Continuing to pay for life insurance when you have retired is like gambling on your death to benefit your family. But here is how the dice rolls…
I am a salaried professional,35 years old and looking for an online term plan for Rs 1 crore. Can you suggest the best option?
This rather common query on our Facebook profile triggered off a heated debate in our company. In the first instance we wrote back pointing out a couple of specific online term costing around Rs 10,700 for a term of 25 years.
The client thanked us but then asked us whether it would be advisable to go in for a 35-year plan (thus covering him till 70 years of age instead of till 60 years as suggested by us). Now here was an answer we thought we knew.
We wrote back saying that life insurance is supposed to be taken to protect your family in the event of loss of income due to untimely death. Since he was salaried and was slated to retire by 60 years and his salary would not continue beyond 60 years it would be a waste of money to continue the insurance plan beyond 60 years unless he was planning to continue working beyond 60 years.
In effect by continuing to pay the life insurance plan when you have no earned income is almost like gambling on your death to benefit your family, we told him.
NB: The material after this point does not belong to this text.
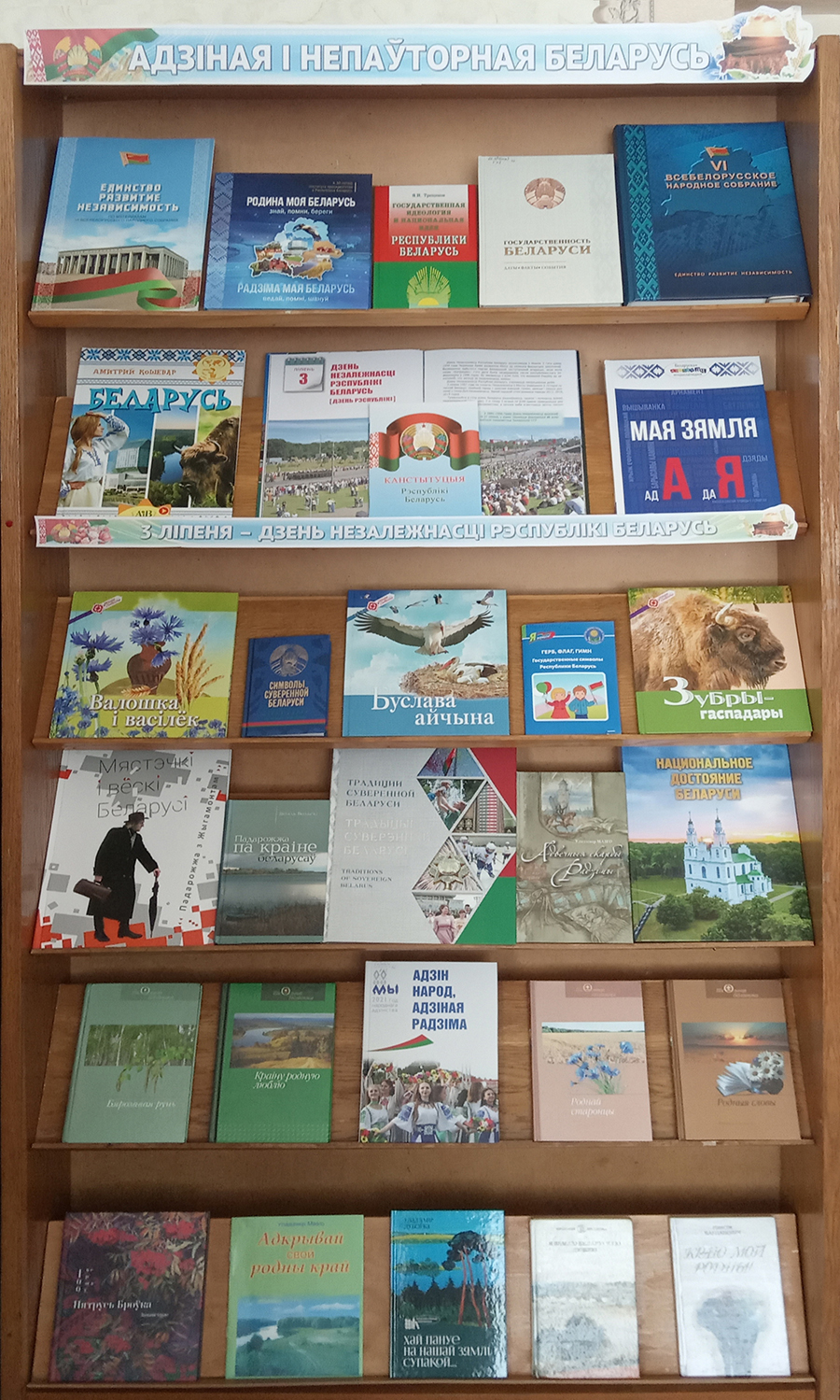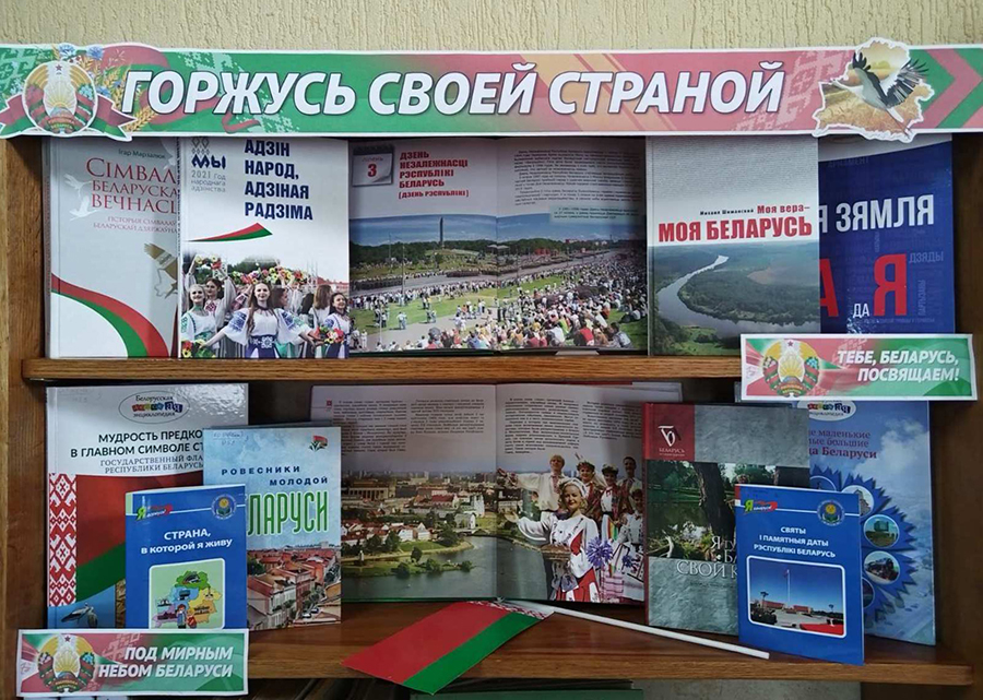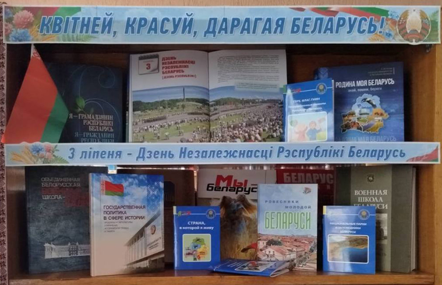 В преддверии праздника в библиотеках сети были организованы выставки: «Квітней, красуй, дарагая Беларусь», «О, Беларусь, краіна родная!», «Адзіная і непаўторная Беларусь», «Беларусь – это мы», «Квітней пад небам сінім, Беларусь!», «Я гэты край Радзімай называю», «Твая зямля, твая Радзіма, названа светла – Беларусь!», «Горжусь своей страной», «Гордимся мы историей своей».

The gamble would also be expensive in the first 25 years since the premium on a 35-year plan is more expensive than a 25-year plan.
That is when this well-informed consumer really jolted us out of our smugness. He wrote back saying he had no intention to work beyond 60 years and also agreeing that continuing to pay the life insurance premium after retirement is akin to gambling on his own death. But he pointed out that the cost of such a gamble was extremely low. The difference of premium between a 25-year plan and a 35-year plan was hardly Rs 350 annually which means that for the next 25 years he paid a total of Rs 9,000 extra for getting an option to continue to enjoy life insurance cover of Rs 1 crore even after he reached the retirement age. After retirement he had to pay a premium of Rs 11,000 per year to continue to enjoy life insurance (or to gamble on his death as we put it) for a 10-year period when the chances of death are much higher.
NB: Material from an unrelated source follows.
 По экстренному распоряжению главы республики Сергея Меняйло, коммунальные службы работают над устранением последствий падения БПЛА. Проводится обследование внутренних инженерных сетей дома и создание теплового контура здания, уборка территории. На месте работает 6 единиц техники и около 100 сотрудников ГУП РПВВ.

Given the low stake and high potential payout isnt this so called gamble worth taking, asked the informed consumer.
When we relooked at the numbers we could not help but agree. After all the only additional cost he was paying during the earning years was a small additional premium which gave him an option to take the gamble during the years in which he was most vulnerable to death. He also had the option of not taking the gamble by letting the policy lapse at that stage if,in his opinion,he could not afford the premium or was not likely to die during the 10 year period.
So,rather reluctantly,we had to concur with the informed consumer that he could opt for the 35-year term rather than the 25-year term. In fact,when we did the maths,we found out that the option price (additional premium payable during the earning years) ranges from a low of Rs 225 annually (for a 30 year old) to a high of Rs 19,000 annually (for a 55 year old).
This episode showed us how much we can learn from consumers who have a different way of looking at things beyond the formulas.
As far as consumers are concerned,currently it makes sense for them to buy this option to gamble on their deaths.
But what about the insurance company? In a mad rush to provide the cheapest term insurance policy,arent they seriously under pricing this option that they seem to be so willing to provide their consumers. I have not been able to get any satisfactory answers from the few insurance companies that I spoke to.
If this article ignites a debate on the desirability of the insurance company offering such an option it will be good from the point of view of healthy development of the life insurance industry,which is in the consumers interest.